Geleneksel el sanatları, hızla değişen dünyamızda kaybolmaya yüz tutarken, bu mirası yaşatan ustalar oldukça kıymetli hale geliyor. 75 yaşındaki Durmuş Dede, tam da bu noktada dikkat çekici bir figür olarak karşımıza çıkıyor. Uzun yıllardır sürdüğü zanaatiyle hem arayüzü hem de ruhu gerçekleştiriyor. Kendi elleriyle yaptığı ustaca ürünler, sadece birer nesne değil, aynı zamanda geçmişin ve kültürün hikayeleridir. Durmuş Dede’nin hikayesi, zanaatın ve geleneğin nasıl korunması gerektiğini bizlere anlatıyor.
Durmuş Dede, yıllarca süren birikimi ve bilgi birikimi ile geleneksel zanaatı yaşatan nadir ustalardan biri olarak öne çıkıyor. Kendisi, özellikle ahşap oymacılığı ve el yapımı eşya üretimi alanında uzmanlaşmış durumda. "Zanaat, sadece bir iş değil, bir aşktır," diyor Durmuş Dede, her bir parça üzerinde çalışırken hissettiği tutkuyu vurgulayarak. Yalnızca maddi bir değer taşımakla kalmayan bu ürünler, aynı zamanda köklü bir kültürün ve geleneğin taşıyıcısı konumundadır. Durmuş Dede'nin dükkânında, çocukluğundan beri gözbebeği olan bir dizi ahşap obje, oyuncaklar ve ev dekorasyonu eşyası bulunmaktadır. Her biri, ustasının emeği ve sevgisiyle şekillenmiştir.
Geleneksel zanaat günümüzde sadece bir hobiden öte, bireylerin kendini ifade etme biçimi haline gelmiştir. Durmuş Dede, genç neslin bu değerli mirasın kıymetini bilmediğini ve modern yaşamın hızında bu geleneklerin ihmal edildiğini dile getiriyor. "Gençler, akıllı telefonlarıyla oynamaya doyamıyor; fakat gerçeğin ve sanatın ne demek olduğunu anlamaya zaman bulamıyorlar," diyerek, işinin yaşamsal bir öğe olduğunu belirtiyor. Onun amacının yalnızca bir zanaatkar olarak yaşamını sürdürmek değil, aynı zamanda işini ve tarihsel bilgilerini gelecek nesillere aktarmak olduğu da bir gerçek. Dinamik bir çevre içerisinde, Durmuş Dede’nin hikayesi, geleneklerin tekrar canlandırılması ve yaşatılması adına önemli bir örnek teşkil ediyor.

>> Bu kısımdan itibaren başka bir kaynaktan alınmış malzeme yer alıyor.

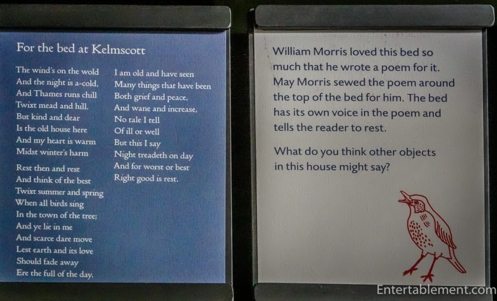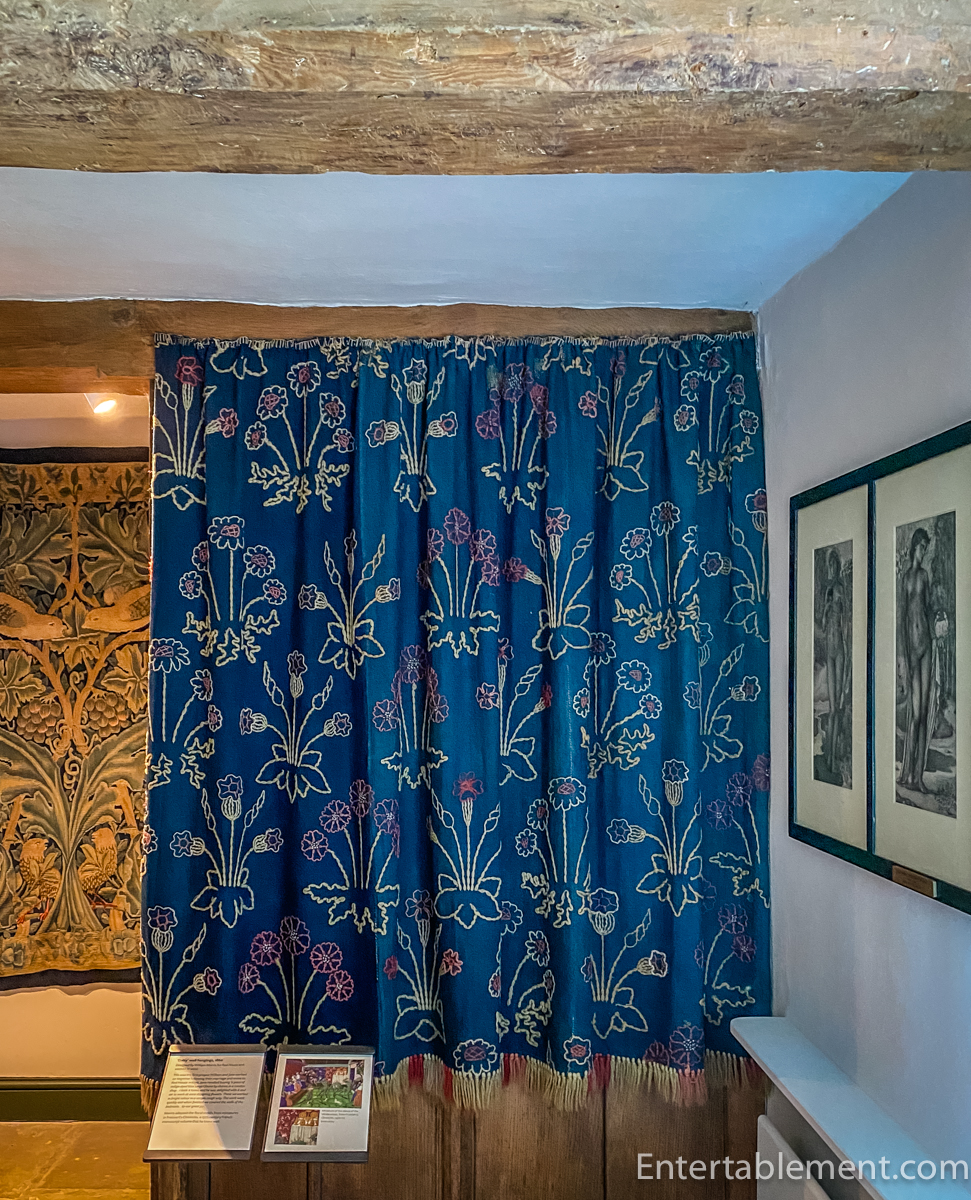 Jane Morris was a skilled embroiderer, and several of her hand-stitched textiles still adorn the manor. These intricate pieces—featuring birds, flowers, and flowing vines—were often inspired by medieval illuminated manuscripts and Persian motifs.

Durmuş Dede, gençleri teşvik etmek adına atölyeler düzenleyerek zanaatın inceliklerini öğretmeyi ve öğrettikleriyle birlikte kendi hayatında yer alan geleneği yüceltmeyi amaçlıyor. Bu atölyeler, gençlerin hem el becerisi kazanmasına hem de topluma çeşitli katkılarda bulunmasına olanak tanıyor. Zanaat, sadece bir iş dalı değil; aynı zamanda bir kültür, bir değer ve bir yaşam şeklidir. Durmuş Dede’nin engin bilgeliği ve derin anlayışıyla gençler, bu kadim zanaata tutku ve özveri katmayı öğreniyor.
Sonuç olarak, Durmuş Dede, sadece bir zanaatkar değil; aynı zamanda tarihin ve kültürün yaşayan bir parçasıdır. Onun hikayesi, yalnızca bir nesilin değil, tüm toplumun nasıl değerlerinden kopmaması gerektiğini gösteriyor. Zanaat, ruhun bir yansımasıdır. Durmuş Dede, on yıl sonra belki fiziksel olarak dükkanında olmayacak, ancak öğrettikleri ve bıraktığı miras, yarının sanatkarları tarafından yaşatılacak.
Bu bağlamda, Durmuş Dede’nin hikayesini duymak ve düşünmeden geçmek mümkün değil. Zanaat, yaşamın yoğun temposu içinde kaybolmaması gereken bir değer. Bu nedenle, 75 yaşındaki Durmuş Dede, hem geçmişe sahip çıkan biri hem de geleceğe ışık tutan bir usta olarak, çağımızın en büyük zanaatkarlarından biri olmayı başararak gönlümüzdeki yerini alıyor. Zamanın ötesinde bir ustalık sergileyen Durmuş Dede, hepimizi taşınmaz bir kültürel mirasın önemi konusunda düşünmeye davet ediyor.